When it comes to children do you believe in shielding them from negative influences (such as sex, drugs, pop culture, racialism, religious fundamentalism, etc etc), or do you believe in exposing them to it and attempt to guide them through the 'elements' so to speak.

So far, still agreeing to disagree, I understand the importance of some exposure, but I do not underestimate the strength of society's negative pressures when it comes to my firstborn. The missus however, believes in obvious boundaries and protecting our daughter, but does not agree in shielding her from reality, and has faith that both of us can guide her correctly.

How about you guys? Have you ever had these discussions? How would you advise?


----------



## TNgirl232 (Oct 5, 2008)

I'm for not shielding, and here is why. They are only under your protective shielding for a very limited amount of time compared to their life span. Who is going to continue shielding them? No one. They are going to leave for college and get smacked in the face with drugs, sex, alcohol, etc. etc....and they aren't going to know how to handle it. They won't know how to process things, because mom and dad never gave them the opportunity to. They kept the 'bad' parts of life hidden. They won't know how to cope with real life. 

That seems worse than explaining things like sex, racism, etc. to them and give them your views on it and lead them to make good decisions based on your families beliefs and values. Hiding it also just makes it more interesting....they are going to seek out what is so 'special' about sex, drugs, etc. that makes mom and dad cover it up. Its just part of being a curious child. The more you hide it the more curious they will become.

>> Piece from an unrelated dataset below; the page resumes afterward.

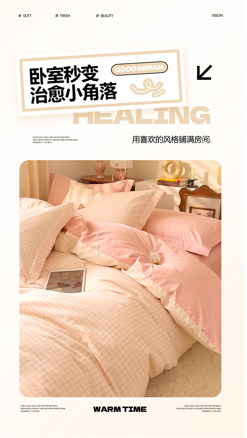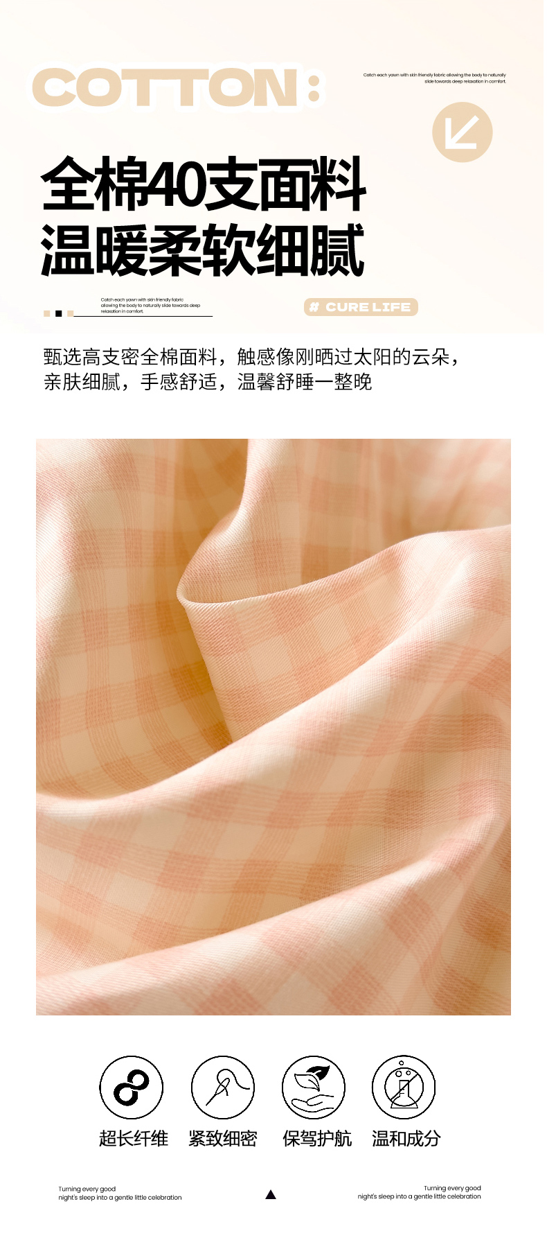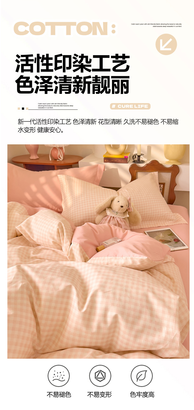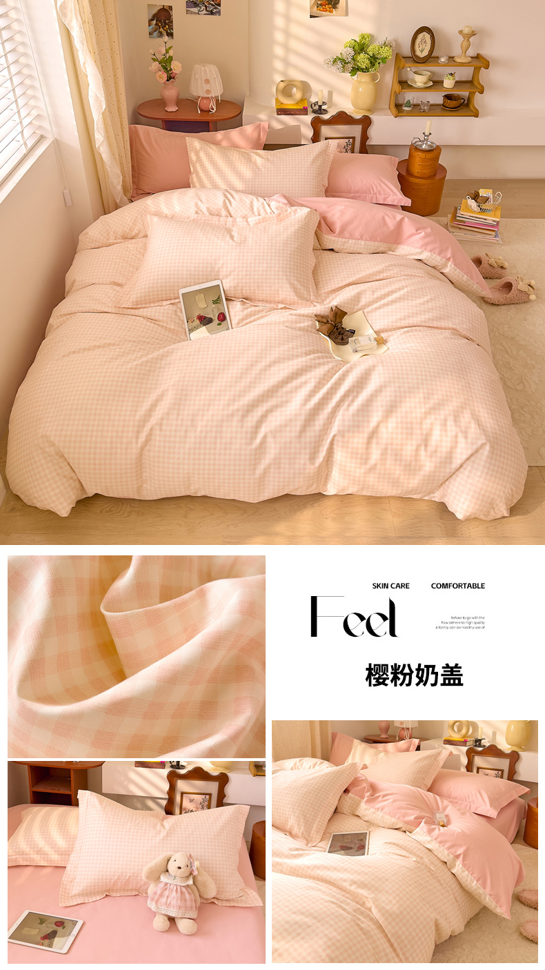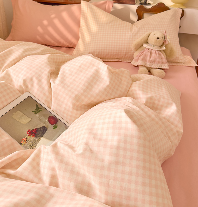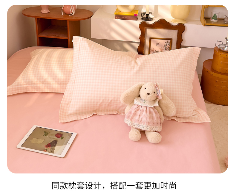 当前位置: 91家纺网 > 商品网购 > 床品套件 > 四件套 > 全棉普通四件套 > DoDo 兜兜 2026年全棉纯棉ins风小清新四件套 樱粉奶盖-枕套1对格子

My mother and aunt asked their mom later on in life after they had gotten married about why she had never had a sex talk with them. She said, I thought if you didn't know what it was, you wouldn't do it. My mom said...then explain to me how I have 2 children....


----------



## RandomDude (Dec 18, 2010)

Aye exposure is important but I still don't understand this "into the fire" stuff. If you had a choice between a better or worse environment to raise your children in you would choose the better one yes? Not stay and say "she'll come face to face with it eventually" yes?


----------



## major misfit (Oct 17, 2010)

RandomDude..I just want to pat you on the back for your concern regarding your daughter. You appear to be a very conscientious father.
I believe in a middle ground somewhere. You obviously don't want to expose a 4yo to sex (not in my world, anyway). There are parental controls for a reason. And I would venture to say that you use "parental controls" in every day life, in every day situations. 
You don't want to neglect the fact that children are going to be exposed to things you don't want them to...and that's where the relationship WITH your child is going to come in to play. If she feels that she can go talk to daddy about something she's seen, or heard, or been exposed to..and daddy is going to walk her through that leaving her secure on the back side of it. 
I live where I do for a multitude of reasons...I live in a very rural area, a town of less than 1,000. One major reason we chose to live here is the fact that in spite of it being such a small town, it has an excellent school system. But there are no metal detectors, the school isn't on lockdown, etc...like so many have to be these days. I'm not dumb enough to think that kids here don't get into drugs, don't abuse alcohol on the weekends, and sex IS happening. It's just on a much smaller scale. And I rest better knowing that if there is ONE person that walks into that school that shouldn't be there, they will immediately be spotted and it will be KNOWN they don't "belong". Every single teacher, administrator, even the lunch ladies know WHO my kid is, WHO is parents are, and WHERE he lives. That is comforting to me. 
My mindset always was that there's a difference between shielding and sheltering...shielding is just that..a shield AGAINST what is out there, sheltering is preventing them from knowing it ever exists. I'm trying to give my child the shield. He's going to go out into the real world some day, and has to learn to deal with ALL the issues that will arise.


----------



## RandomDude (Dec 18, 2010)

Thanks for the reply, that's exactly how I feel.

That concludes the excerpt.